Extracted data Block Start

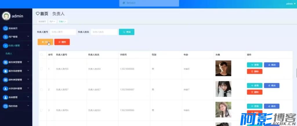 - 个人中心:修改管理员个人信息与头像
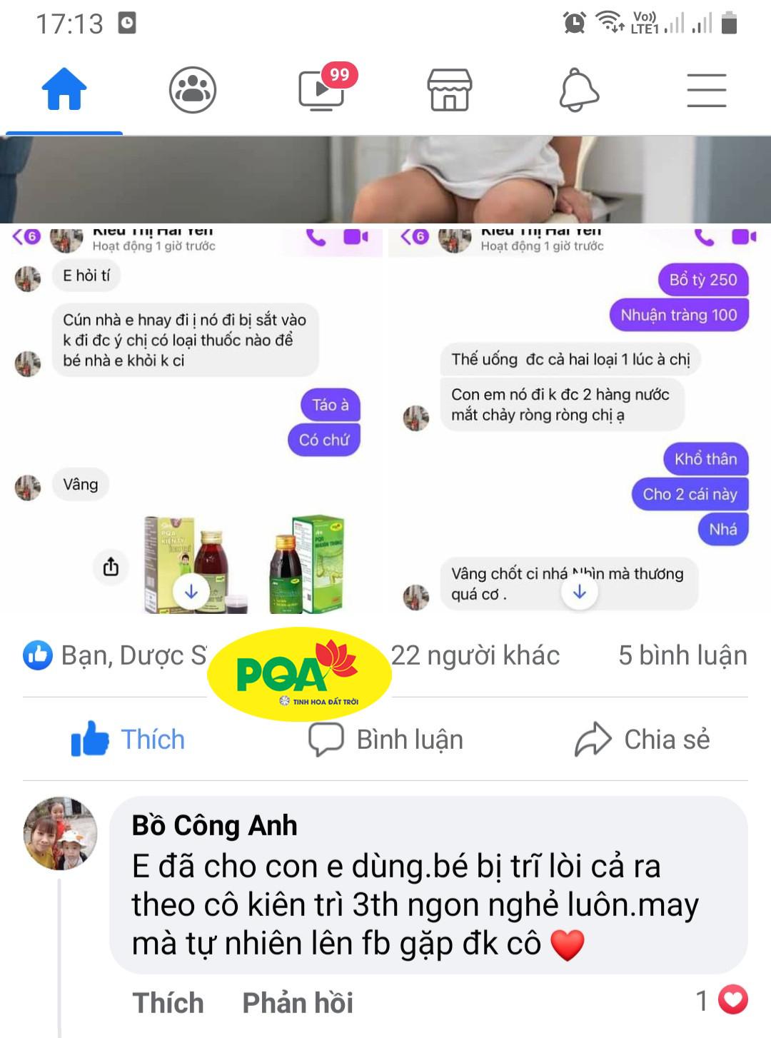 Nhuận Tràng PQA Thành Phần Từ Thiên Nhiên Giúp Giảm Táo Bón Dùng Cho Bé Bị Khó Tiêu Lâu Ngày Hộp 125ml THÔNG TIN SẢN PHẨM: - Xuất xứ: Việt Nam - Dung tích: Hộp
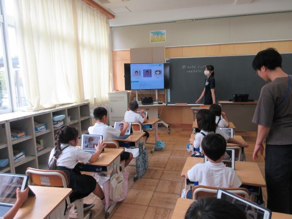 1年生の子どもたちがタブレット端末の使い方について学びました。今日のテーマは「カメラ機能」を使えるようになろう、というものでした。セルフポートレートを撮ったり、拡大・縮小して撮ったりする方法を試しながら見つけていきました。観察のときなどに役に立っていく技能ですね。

Extracted data Block End
Extracted data Block Start

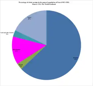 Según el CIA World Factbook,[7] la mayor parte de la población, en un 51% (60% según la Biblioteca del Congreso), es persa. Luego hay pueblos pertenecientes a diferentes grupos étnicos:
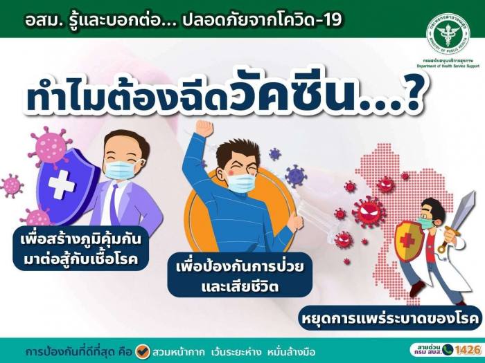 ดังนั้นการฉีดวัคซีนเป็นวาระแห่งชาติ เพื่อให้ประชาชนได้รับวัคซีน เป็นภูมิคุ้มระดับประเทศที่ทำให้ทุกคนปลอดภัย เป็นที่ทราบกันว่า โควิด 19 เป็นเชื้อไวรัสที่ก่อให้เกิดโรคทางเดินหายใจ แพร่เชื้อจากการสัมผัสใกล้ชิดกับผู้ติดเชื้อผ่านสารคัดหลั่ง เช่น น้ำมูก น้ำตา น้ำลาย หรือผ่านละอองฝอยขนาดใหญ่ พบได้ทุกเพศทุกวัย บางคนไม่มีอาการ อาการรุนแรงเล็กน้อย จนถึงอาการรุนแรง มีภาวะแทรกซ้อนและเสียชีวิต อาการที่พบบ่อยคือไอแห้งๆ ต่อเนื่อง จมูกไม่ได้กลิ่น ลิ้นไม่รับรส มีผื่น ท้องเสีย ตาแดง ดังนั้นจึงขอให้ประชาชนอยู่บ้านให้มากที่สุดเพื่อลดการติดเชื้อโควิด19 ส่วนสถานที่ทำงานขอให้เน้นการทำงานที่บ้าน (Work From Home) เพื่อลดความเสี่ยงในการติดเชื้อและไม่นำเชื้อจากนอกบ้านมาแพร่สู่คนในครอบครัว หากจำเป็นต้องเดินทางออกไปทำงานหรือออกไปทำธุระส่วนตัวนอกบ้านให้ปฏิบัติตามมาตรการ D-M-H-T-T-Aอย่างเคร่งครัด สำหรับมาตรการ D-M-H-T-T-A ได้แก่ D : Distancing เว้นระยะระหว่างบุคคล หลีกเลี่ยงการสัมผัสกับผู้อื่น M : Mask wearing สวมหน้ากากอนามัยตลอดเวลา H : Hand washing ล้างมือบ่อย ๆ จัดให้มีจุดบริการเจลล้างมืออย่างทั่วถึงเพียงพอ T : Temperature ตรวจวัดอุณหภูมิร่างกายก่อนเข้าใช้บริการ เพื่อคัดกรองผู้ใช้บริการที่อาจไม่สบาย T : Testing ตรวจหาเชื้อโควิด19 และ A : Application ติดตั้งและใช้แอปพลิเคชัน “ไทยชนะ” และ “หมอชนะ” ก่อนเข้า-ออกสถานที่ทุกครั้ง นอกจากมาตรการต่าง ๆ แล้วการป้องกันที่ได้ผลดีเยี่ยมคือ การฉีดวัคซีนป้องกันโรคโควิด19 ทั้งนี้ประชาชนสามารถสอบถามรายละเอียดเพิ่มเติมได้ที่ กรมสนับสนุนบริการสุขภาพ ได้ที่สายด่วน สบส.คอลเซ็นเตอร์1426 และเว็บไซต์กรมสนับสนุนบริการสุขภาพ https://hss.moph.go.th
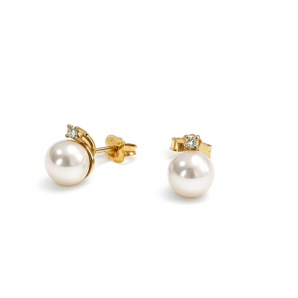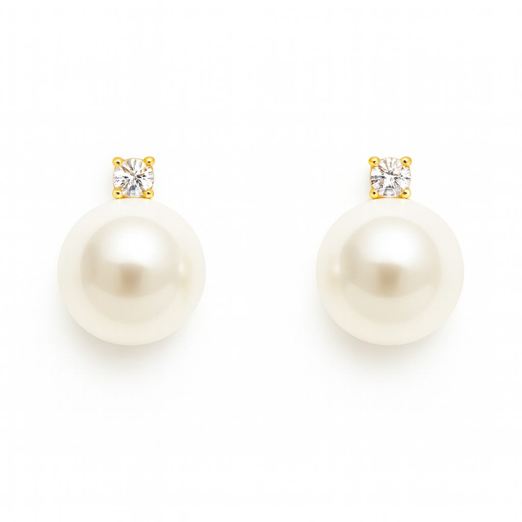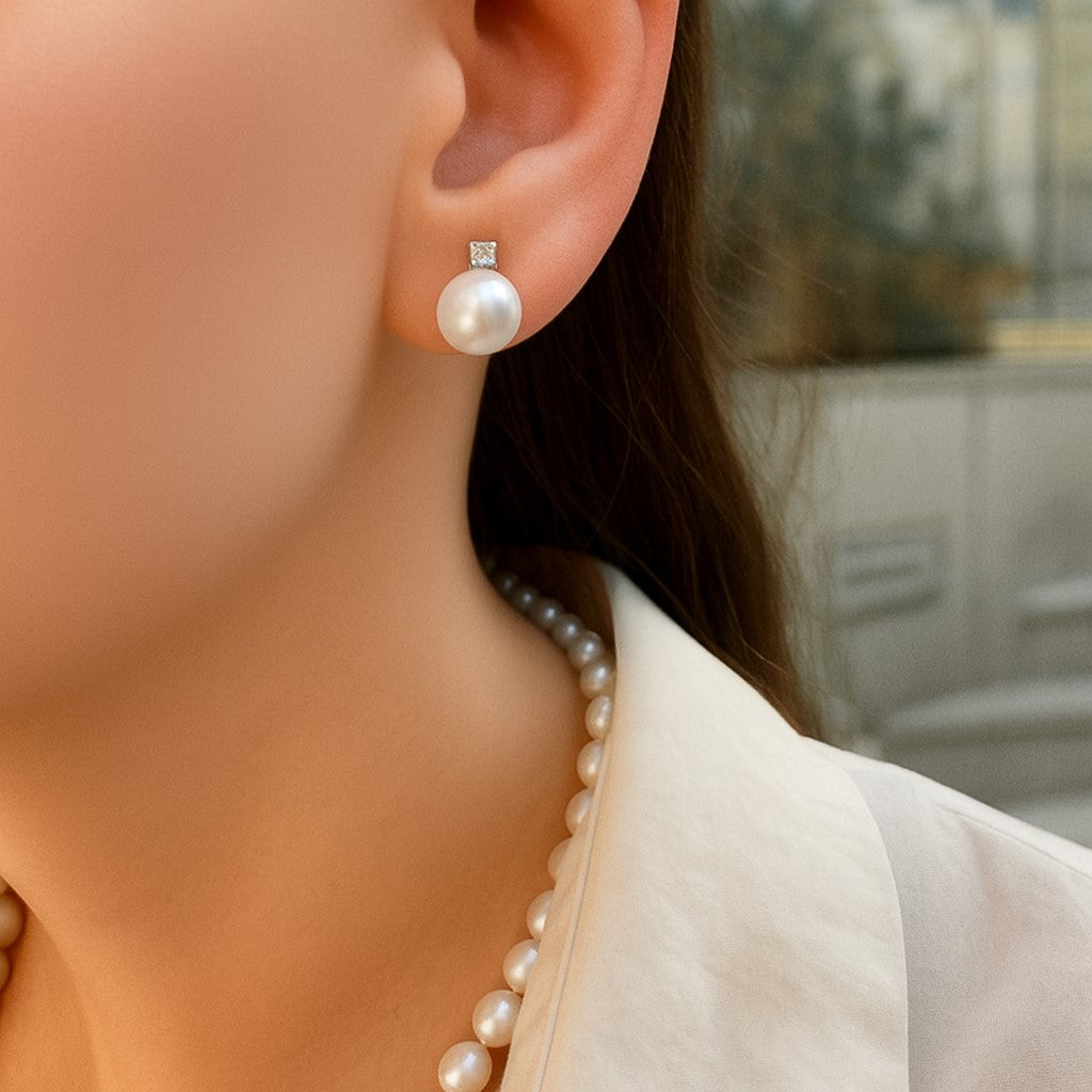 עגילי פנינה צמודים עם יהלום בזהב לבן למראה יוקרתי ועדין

Extracted data Block End
Extracted data Block Start

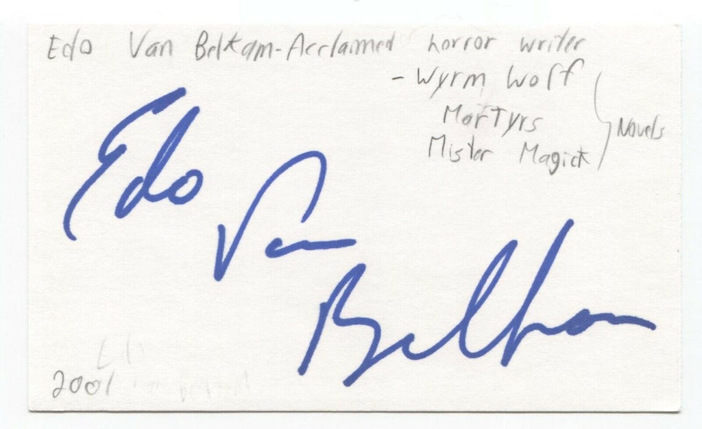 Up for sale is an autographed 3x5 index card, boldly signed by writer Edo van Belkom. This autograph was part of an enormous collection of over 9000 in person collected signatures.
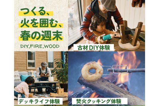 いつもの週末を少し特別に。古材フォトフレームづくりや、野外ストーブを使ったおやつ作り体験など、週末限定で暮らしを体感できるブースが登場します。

Extracted data Block End

▶ Work instruction: Your task is to copy only the lines above starting at the one containing "- 个人中心:修改管理员个人信息与头像" and ending at the one containing "1年生の子どもたちがタブレッ". Copy them exactly, both ends included, and omit the pictures.

▶ Task solution:
 - 个人中心:修改管理员个人信息与头像
 Nhuận Tràng PQA Thành Phần Từ Thiên Nhiên Giúp Giảm Táo Bón Dùng Cho Bé Bị Khó Tiêu Lâu Ngày Hộp 125ml THÔNG TIN SẢN PHẨM: - Xuất xứ: Việt Nam - Dung tích: Hộp
 1年生の子どもたちがタブレット端末の使い方について学びました。今日のテーマは「カメラ機能」を使えるようになろう、というものでした。セルフポートレートを撮ったり、拡大・縮小して撮ったりする方法を試しながら見つけていきました。観察のときなどに役に立っていく技能ですね。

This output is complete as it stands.